Our VoiceNews & Politics

British Anti-fascists Prepare Mass Campaign


Guest Blogger • Jan 26, 2009

By Nick Lowles

The next five months will see the largest ever anti-fascist campaign in British history. Dozens of local anti-fascists groups are being set up, thousands of people mobilised and five million pieces of literature delivered. This is all being organised under the banner of HOPE not hate and our target is to prevent the fascist British National Party (BNP) from winning seats in the forthcoming European Elections.

The HOPE not hate campaign was launched in 2005 following a recognition that existing anti-fascist strategies were becoming ineffectual. Research showed that people wanted to support something positive rather than backing a negative campaign and this was especially the case amongst women, who were more likely to oppose the BNP than men. Just as many women tended to dislike the BNP because of its thuggish image and the divisions it spread within communities, so they were put off by aggressive and macho anti-fascist slogans.

There was also a clear recognition that simplistic anti-nazi slogans were no longer adequate. As the BNP moderated its public image, increasing numbers of people no longer identified the far right party with fascism and, for many others, World War II was just a distant memory played out in old films and the history books. While it is still our aim to link the BNP to its fascists roots we realised that we could no longer rely on the slogans and tactics that proved so effective in the 1970s. We recognised that the BNP was tapping into real or perceived grievances which we had to address if we were to hope to win over voters, particularly those in many of the most deprived communities.

Since its inception the HOPE not hate campaign has developed into Britain’s main anti-fascist organisation. There are dozens of local HOPE not hate groups, many producing regular local bulletins, and thousands of supporters. Nationally, we have the backing of all the trade unions and even the Daily Mirror, Britain’s second biggest selling newspaper. The link with the Daily Mirror has taken the campaign on to a new level. It has given us respectability and through special 8-page anti-BNP supplements and regular articles in the newspaper, allowed us to reach millions of people.

Alongside local bulletins and leaflets we produce regular tabloid newspapers, often customised for each key local area. This allows us to address local issues of concern. In Barking and Dagenham, in East London, we have used the tabloid to address housing; in Keighley, in West Yorkshire, our tabloid took on the BNP myths of child sex grooming by Asian men.

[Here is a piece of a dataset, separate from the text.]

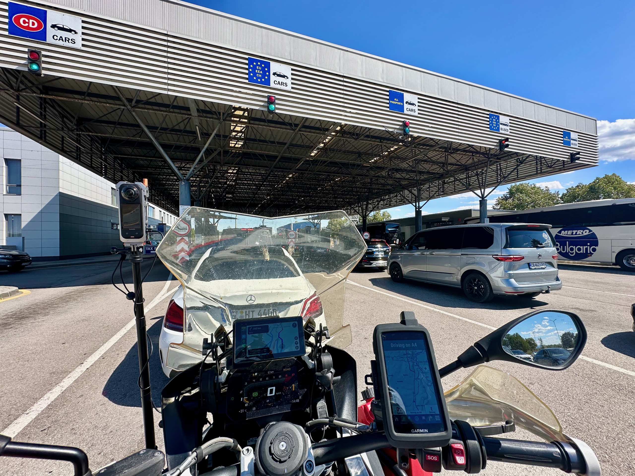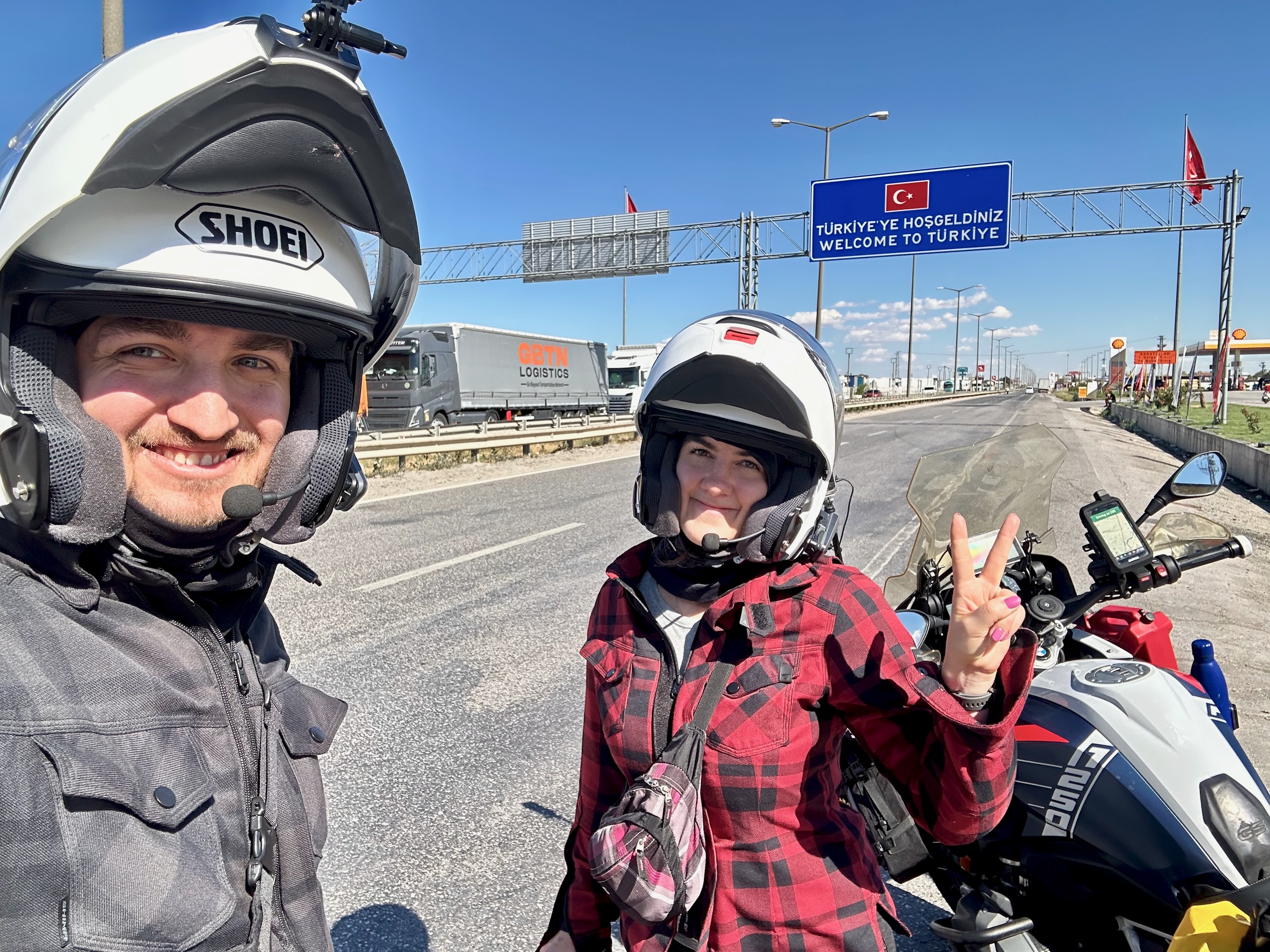Na granicy tureckiej zdążyłem jeszcze odbyć calla z pracy (tak, na przejściu granicznym 😆). Odprawa przebiegła sprawnie: tureccy celnicy poprosili o nasze notarialne upoważnienie do korzystania z motocykla — w dowodzie rejestracyjnym nie znaleźli naszych nazwisk, widniała tylko nazwa firmy leasingowej. Dokument się przydał. Przy takiej wyprawie lepiej być przygotowanym z papierami, niż potem się tłumaczyć. Jeśli chcecie zobaczyć, jak ogarnąć legalizację upoważnienia od leasingu, zerknijcie do naszych poradników. Na marginesie — strona Carnet de Passages twierdzi, że Turcja wymaga karnetu, ale w praktyce to nieprawda. Nawet ambasada Turcji potwierdziła, że nie jest potrzebny, więc tym razem pomarańczowa książeczka została w kufrze. Celnicy nie zaglądali do bagaży, więc po szybkiej fotce na granicy — ruszamy dalej!

However, we have also deployed more advanced campaigning techniques, including telephone canvassing and direct mail. One of our most successful tools is the local endorser leaflets, particularly in the run up to crucial council elections. Through our local groups we identify key people in the community, who are respected often for the positive work they do in a local area, and get an anti-BNP endorsement or help them produce a letter which is then hand-delivered to local houses.

As anti-fascists we are fighting a defensive battle in an increasingly difficult climate, most of which is out of our control. However, we like to think that we have made a difference. One intensive campaign in Sandwell, in the West Midlands, has seen the BNP vote halved in two years – from an average of 33% to just 17.5%. Similar successes have been witnessed in Bradford and Kirklees (both Yorkshire) and Oldham, on the edge of Manchester.

With Britain entering a deep and very painful recession we recognise that our job will get even harder. As unemployment doubles and people look beyond mainstream parties for answers, the racist pandering of the BNP will become even more attractive. We not only have redoubled our efforts to remind people of the true politics of the BNP but we also need to explain why they don’t have the answers to the economic crisis.

Britain has not witnessed the far right gains made across much of Europe but the European Elections could change all that. Against the backdrop of a collapsing economy and the political weakness of the British left, the BNP will be hoping that success in these elections will give them the profile and respectability to fill the vacuum that clearly exists amongst working class people in Britain. The HOPE not hate campaign will be our biggest yet but the stakes are very high.

Nick Lowles is the editor of Searchlight Magazine.